Center-left wonks, on the other hand, were initially cheered by her perceived flexibility about the next steps for health reform — Warren had previously said that there were many paths to universal coverage — but they are now feeling dismayed about her unreserved praise for Medicare-for-all and Sanders’s plan specifically. Jonathan Chait at New York magazine lamented last week that Warren had “handcuffed herself to the Sanders plan.”

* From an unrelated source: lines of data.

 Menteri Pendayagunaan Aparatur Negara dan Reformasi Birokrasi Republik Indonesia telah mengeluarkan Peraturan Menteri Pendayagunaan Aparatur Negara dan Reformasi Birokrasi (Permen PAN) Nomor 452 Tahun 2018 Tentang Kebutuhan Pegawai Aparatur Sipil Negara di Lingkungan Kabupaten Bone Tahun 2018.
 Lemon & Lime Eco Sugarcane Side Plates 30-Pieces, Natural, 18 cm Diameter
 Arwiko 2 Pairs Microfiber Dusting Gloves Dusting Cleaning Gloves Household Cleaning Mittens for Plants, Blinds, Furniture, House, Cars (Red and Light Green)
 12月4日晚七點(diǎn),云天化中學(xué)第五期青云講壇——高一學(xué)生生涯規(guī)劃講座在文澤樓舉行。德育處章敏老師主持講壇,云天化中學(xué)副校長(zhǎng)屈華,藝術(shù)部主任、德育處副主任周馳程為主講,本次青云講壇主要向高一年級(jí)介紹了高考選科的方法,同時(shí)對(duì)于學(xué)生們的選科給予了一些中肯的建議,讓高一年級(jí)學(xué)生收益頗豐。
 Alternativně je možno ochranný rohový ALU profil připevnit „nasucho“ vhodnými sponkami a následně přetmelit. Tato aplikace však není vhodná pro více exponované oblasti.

There may be a method to the madness. Warren has managed to split the difference by embracing the progressive position — “I’m with Bernie,” as she said at one of the debates — but she has not made health care a point of emphasis in the same way that Sanders does. She has said unequivocally that her anti-corruption plan would be her top priority as president, and she took her time in rolling out even the semblance of a health care plan. In doing so, she has avoided some of the difficult questions that have plagued Kamala Harris throughout her campaign.

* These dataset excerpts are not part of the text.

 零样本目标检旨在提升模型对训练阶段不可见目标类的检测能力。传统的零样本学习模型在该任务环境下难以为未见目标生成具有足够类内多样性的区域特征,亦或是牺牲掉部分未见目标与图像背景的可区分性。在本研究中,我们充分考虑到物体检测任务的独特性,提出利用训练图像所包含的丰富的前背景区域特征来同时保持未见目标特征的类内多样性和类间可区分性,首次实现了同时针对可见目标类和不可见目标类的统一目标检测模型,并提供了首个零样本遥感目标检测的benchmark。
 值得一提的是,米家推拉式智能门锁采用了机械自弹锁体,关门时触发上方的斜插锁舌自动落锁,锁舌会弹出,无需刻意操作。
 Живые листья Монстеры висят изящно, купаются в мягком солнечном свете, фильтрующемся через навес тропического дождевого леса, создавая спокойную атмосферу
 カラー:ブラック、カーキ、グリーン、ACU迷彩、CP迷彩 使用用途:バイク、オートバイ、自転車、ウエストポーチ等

You could argue it’s a copout, as the most ideologically committed on the left might. You could argue it’s misguided, as the center-left would.
But Warren has found a comfortable space in between two poles. The health care debate for now is really between Sanders on the left and Biden in the center — most of the tit-for-tat at last week’s debate was between those two — and Sanders himself does not seem particularly interested in challenging Warren’s commitment to the Medicare-for-all cause. He didn’t go after her last week, now that they were finally sharing the debate stage, instead focusing on Biden and the more incremental proposals from other Democrats.
Warren has made some radical health care proposals of her own, such as a plan to have the federal government manufacture (or contract a private entity to manufacture) generic drugs in the event of egregious price hikes. But she seems intent on staying above the Medicare-for-all fray that has dominated so much of the Democratic primary campaign to date.
And Warren has proven adept at parrying away the attack lines from debate moderators and the moderates. Biden tweaked her about the finances for Medicare-for-all to lead off last week’s debate, but Warren found a way to justify her position without getting into a protracted confrontation with Biden.
So, let’s be clear about health care. And let’s actually start where [the] vice president did. We all owe a huge debt to President Obama, who fundamentally transformed health care in America and committed this country to health care for every human being. And now the question is, how best can we improve on it? And I believe the best way we can do that is we make sure that everybody gets covered by health care at the lowest possible cost. How do we pay for it? Those at the very top, the richest individuals and the biggest corporations, are going to pay more. And middle class families are going to pay less. That’s how this is going to work.
She deftly pays homage to Obamacare in one breath, embraces Medicare-for-all in the next and then makes a simple fiscal case for it: the elite pay more, the middle class pay less. She doesn’t disparage the moderate position, as Sanders would a few moments later, but she makes a pocketbook case for ambitious reform.
If she seems less committed to the cause than Sanders, who “wrote the damn bill,” it’s not clear that Democratic voters are holding that against her. There is some competitive polling on this question; some suggests Dem voters want Medicare-for-all now, other surveys indicate the party’s base is okay with incremental reforms. I keep coming back to this CNN poll from June in which half of Iowa Democrats said supporting Medicare-for-all was a must-have for their 2020 candidate and roughly half said it wasn’t.
Warren has potentially found a way to satisfy both of those constituencies: embrace Medicare-for-all, but don’t make it the cornerstone of the campaign. That’s her plan — for navigating the Democratic primary, anyway.